Presented By The Hedgehog Welfare Society

http://www.hedgehogshow.com

When? June 25-27, 2010

Where? Orlando, Florida

Who is invited? Everyone! :mrgreen:

The website is now up, updates coming soon!


----------



## tie-dye hedgie (Dec 19, 2009)

I love the picture, so funny!


----------



## LizardGirl (Aug 25, 2008)

Thank you for the update! I'm waiting on more info to see if I'll be able to make it this year.


----------



## ILOVElily (Dec 5, 2009)

Thanks! I've been trying to find out some info about this show. I think I'll be going! If I do Go I'll definitely bring Pinchita!  so exited :mrgreen: 
Hope to see plenty of you there


----------



## Herisson (Jan 7, 2009)

The schedule has been added to the website! :mrgreen:
http://www.hedgehogshow.com


----------



## hedgielover (Oct 30, 2008)

How come there are never hedgehog shows for the Canadians?


----------



## Nancy (Aug 22, 2008)

hedgielover said:


> How come there are never hedgehog shows for the Canadians?

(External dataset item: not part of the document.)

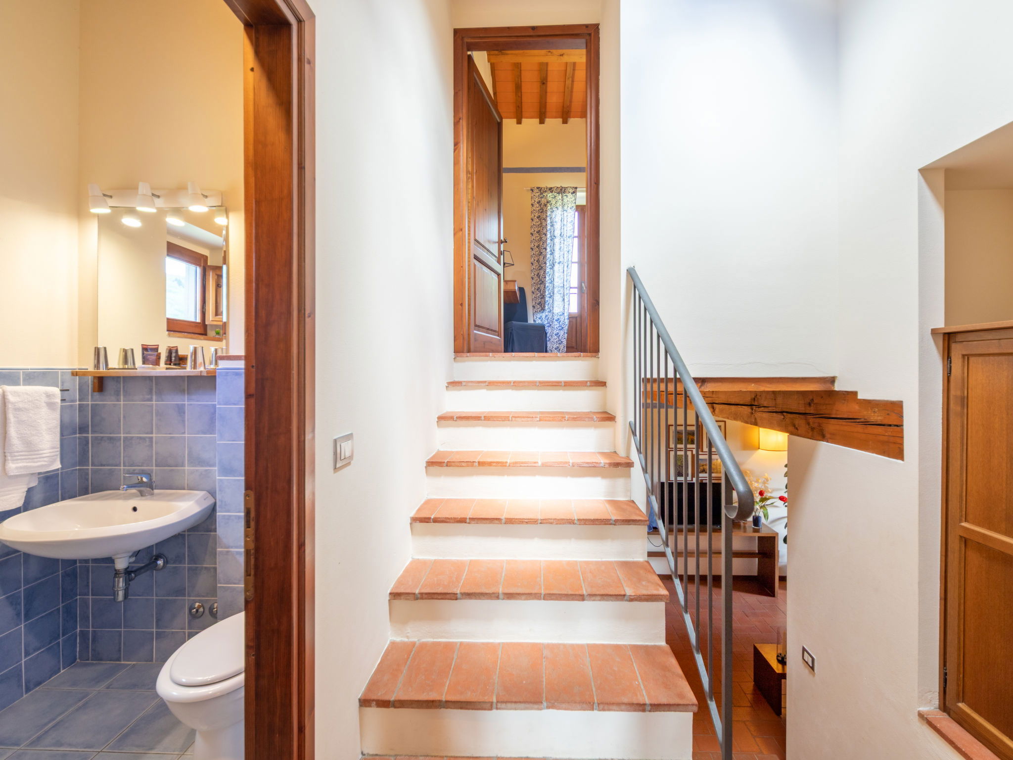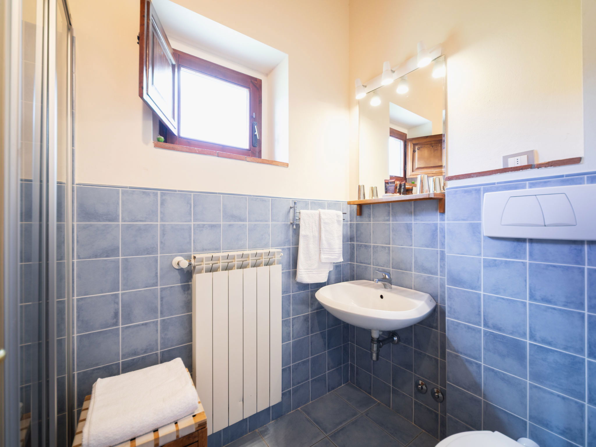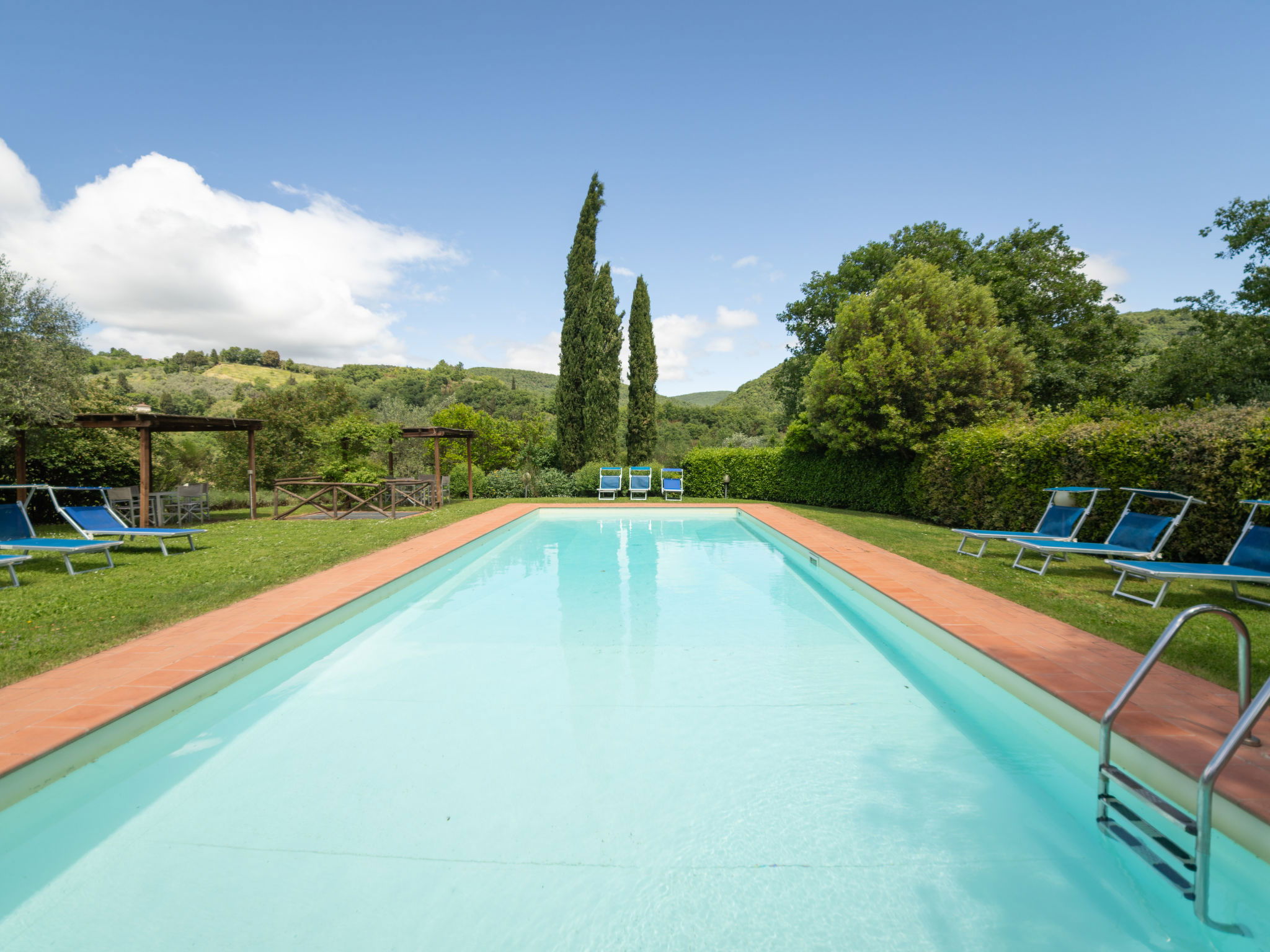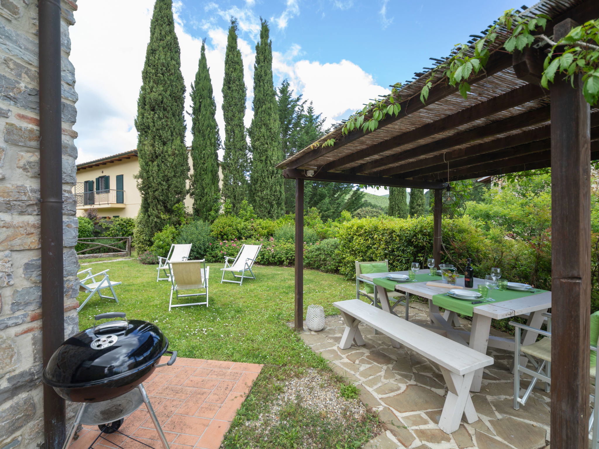 Hamlet surrounded by the countryside with 4 detached houses. In little square you can see 2 houses (I lecci, La Pieve), La Torre and La Corte are in another building separated from the rest by a central courtyard to esclusive use of « La Corte » (I5269.951.5). The furnishings and equipment are well-kept to ensure maximum comfort. Very child friendly, cosy holiday development "Borgo", surrounded by vineyards. 6 houses in the residence. 8 km from the centre of Greve in Chianti, 32 km from the centre of Firenze, 55 km from the centre of Siena, in a sunny position, in the countryside. For shared use: swimming pool (6 x 14 m, depth 80 - 220 cm, seasonal availability: 30.Apr. - 01.Oct.). Barbecue, pool maintenance by the owner/gardener. In the complex: internet access, WiFi, central heating system, heating to be paid on the spot, heating available only from 01.Nov. - 04.Apr.. Room cleaning on request (extra). Parking on the premises. Shop 3 km, supermarket 8 km, restaurant 3 km, bus stop 2 km. Golf course (18 hole) 9 km, tennis 9 km, riding stable 9 km. Nearby attractions: Panzano in Chianti 17 km, Radda in Chianti 21 km, San Casciano in Val di Pesa 23 km, Gaiole in Chianti 29 km, San Gimignano, Siena 55 km, Volterra 75 km. For the second week's supply, the cost of bed linen and towels is 12 euro per person (on request). The property is equipped with a video surveillance system with cameras.

Nobody in Canada has taken on organizing and putting one on. It's a huge amount of work and most of the dedicated Canadian owners live too far apart to be of much help to each other.


----------



## Michie (Mar 17, 2009)

driving from Miami to Orlando is a pain. I'll totally love to go though


----------



## LizardGirl (Aug 25, 2008)

Haha, driving doesn't sound so bad! Try flying in from... Oregon.


----------



## FiaSpice (Jan 16, 2009)

I was exited for a seccond because I tought it was North Eastern States. Oh well, let's hope one day it'll be in NY, New-hamshire or Vermont


Nancy said:


> hedgielover said:
> 
> 
> > How come there are never hedgehog shows for the Canadians?
> ...


That's a shame, but true that most hedgie lover a spread over the country.


----------



## LarryT (May 12, 2009)

The Carolina Storm Wheel will be available at the Orlando show next week. We will only have a handful available so get out and meet some fellow hedgehog lovers and save some money on a good wheel  We will also be having a free raffel/drawing for a Carolina Storm Wheel


----------



## jnastuk (Jul 3, 2009)

good news just got home and i'm started to look in to a gta (toronto or markham )
just started to Planning look for good Hotels 
so far just a RESCUE theme have a lot to work out but with help from my wife we will come up with some thing john


----------